Michael Fukushima shares some of his thoughts and memories of Jesse Nishihata with Bulletin readers.
by Michael Fukushima
Jesse Nishihata was my first filmmaking mentor, in a relationship that bloomed almost full-grown on our first meeting (being interviewed for the Nikkei Voice in 1989) and that remained strong until his too-early death in 2006. Maybe it was the fact that Jesse had been tight friends with my uncle in pre-war Vancouver that built the instant affinity, but I suspect it was because that’s just who Jesse was. He cared about people and wanted to see them succeed. He inherently understood and embraced legacy and succession. For Jesse, one eye was always on the prize of glorious futures, the other on golden pasts.
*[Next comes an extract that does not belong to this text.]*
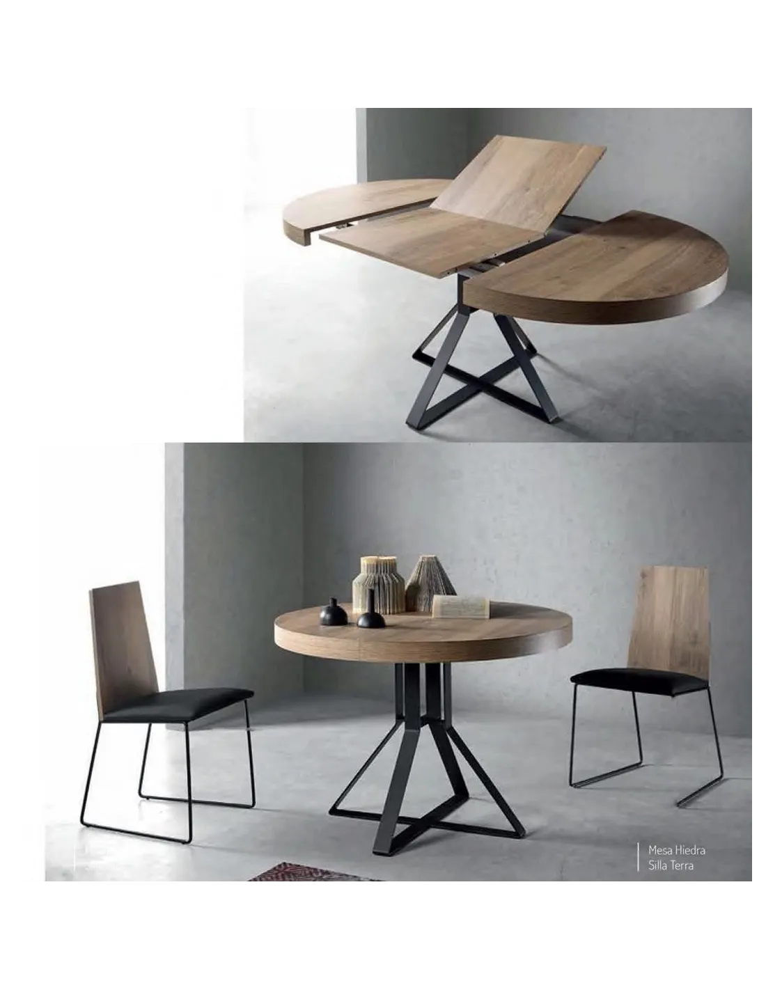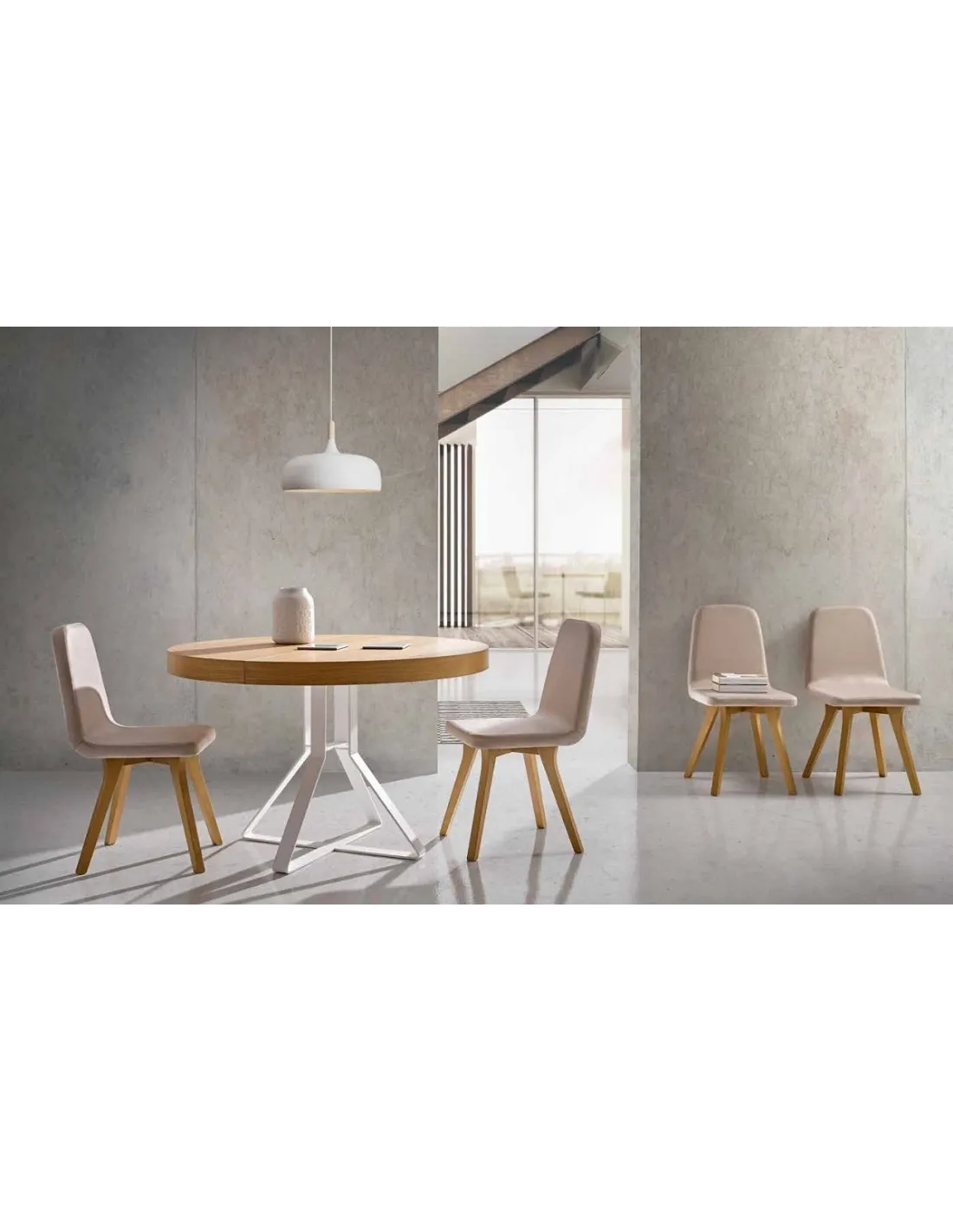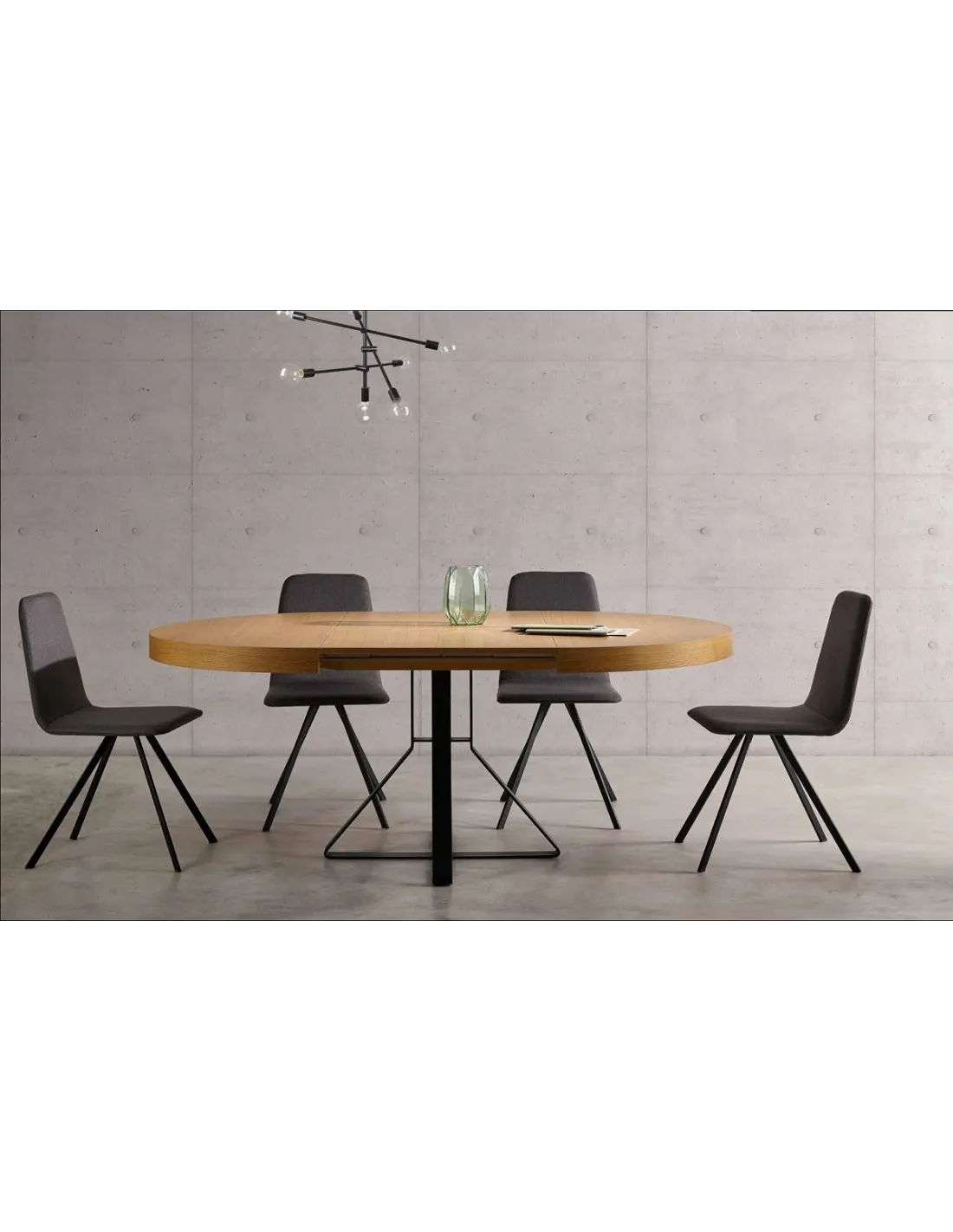 La mesa extensible Milo cuenta con medida cerrada de diámetro 105 cm., que con el mecanismo extensible suman 70 cm. quedándose mesas abiertas de 175 cm.

Most of us, regrettably, know little to nothing of Jesse’s filmmaking life because he was, to a fault, the model of modesty. Truth be told, I didn’t know much about Jesse’s oeuvre until I met Don McWilliams, a documentary filmmaker at the NFB in Montreal. Typically, it was only through Don’s references to and lionizing of Jesse’s films that I got to know his full body of work.
Jesse was the seminal nikkei documentary filmmaker in Canada, the progenitor of all who have followed. His guiding hand and mentorship directly influenced dozens of young filmmakers, including me. His intimate and artistic documentary style were pioneering.
The CBC in the late 1960s and early 70s was, like the NFB at the same time, a hotbed for radicals and social activism. Jesse was an archetypal agent of social change. His work at the CBC in those early years broke barriers and was part of what fed its image as a centre of documentary daring. His work especially in the North and with native communities, including his breakthrough film about the Berger Commission, established his appreciation for and from many aboriginal communities across Canada.
I’m always grateful to Jesse for his guidance and inspiration in my filmmaking life. Our relationship changed over the years, notably when I shifted my focus to being a producer instead of a filmmaker. I suspect my decision was bittersweet for Jesse, since it was clear I had taken his beliefs in mentorship and our collective creative future to heart. But it was also true that Jesse himself never gave up on the practice of actually making films, regardless whatever else he was doing as a “job”, right to the very end. I, on the other hand, now only make films vicariously, through the choices of filmmakers and films I produce and support.
Hopefully, these young filmmakers appreciate the light shone on their paths to artistic maturity by me and others who know it’s an endless, iterative loop, that builds on and evolves from one generation to the next. To completely mix metaphors, I hope they understand we all stand on the shoulders of artists and pioneers before us, who sometimes remade the world so we don’t have to. Jesse Nishihata is that for me, and I’m humbled, yet honoured, to have been his disciple and his friend.
Michael Fukushima is a producer in the Animation Studio of the National Film Board of Canada.